Reputation: 7404
I'm cleaning some text from Reddit. When you include a link in a Reddit self-text, you do so like this:
[the text you read](https://website.com/to/go/to)
. I'd like to use regex to remove the hyperlink (e.g. https://website.com/to/go/to
) but keep the text you read
.
Here is another example:
[the podcast list](https://www.reddit.com/r/datascience/wiki/podcasts)
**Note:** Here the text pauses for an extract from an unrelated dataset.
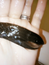 ・トリートメントを適量、手に取り、頭皮になるべく付かないように、両手の平で髪を挟むようにして、トリートメントを馴染ませます。
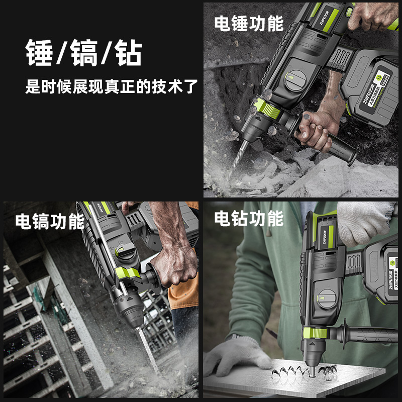 德国芝浦无刷充电电锤锂电池冲击钻电钻镐工业级大功率家用多功能

I'd like to keep: the podcast list
.
How can I do this with Python's re
library? What is the appropriate regex?
Upvotes: 6
Views: 2440
Reputation: 394
I have created an initial attempt at your requested regex:
(?<=\[.+\])\(.+\)
The first part (?<=...)
is a look behind, which means it looks for it but does not match it. You can use this regex along with re's method sub. You can also see the meanings of all the regex symbols here.
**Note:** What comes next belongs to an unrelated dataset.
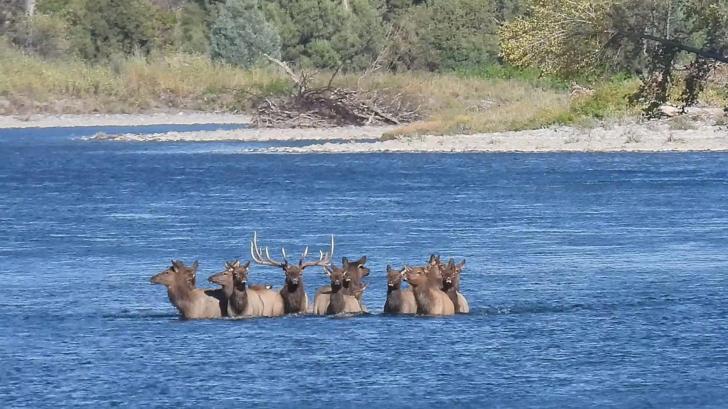 This victorious bull is crossing the Yellowstone River with his harem. At least a dozen cow elk surround him and they belong to him. He will breed them all.

You can extend the above regex to look for only things that have weblinks in the brackets, like so:
(?<=\[.+\])\(https?:\/\/.+\)
The problem with this is that if the link they provide is not started with an http or https it will fail.
After this you will need to remove the square brackets, maybe just removing all square brackets works fine for you.
Valentino pointed out that substitute accepts capturing groups, which lets you capture the text and substitute the text back in using the following regex:
\[(.+)\]\(.+\)
You can then substitute the first captured group (in the square brackets) back in using:
re.sub(r"\[(.+)\]\(.+\)", r"\1", original_text)
If you want to look at the regex in more detail (if you're new to regex or want to learn what they mean) I would recommend an online regex interpreter, they explain what each symbol does and it makes it much easier to read (especially when there are lots of escaped symbols like there are here).
Upvotes: 8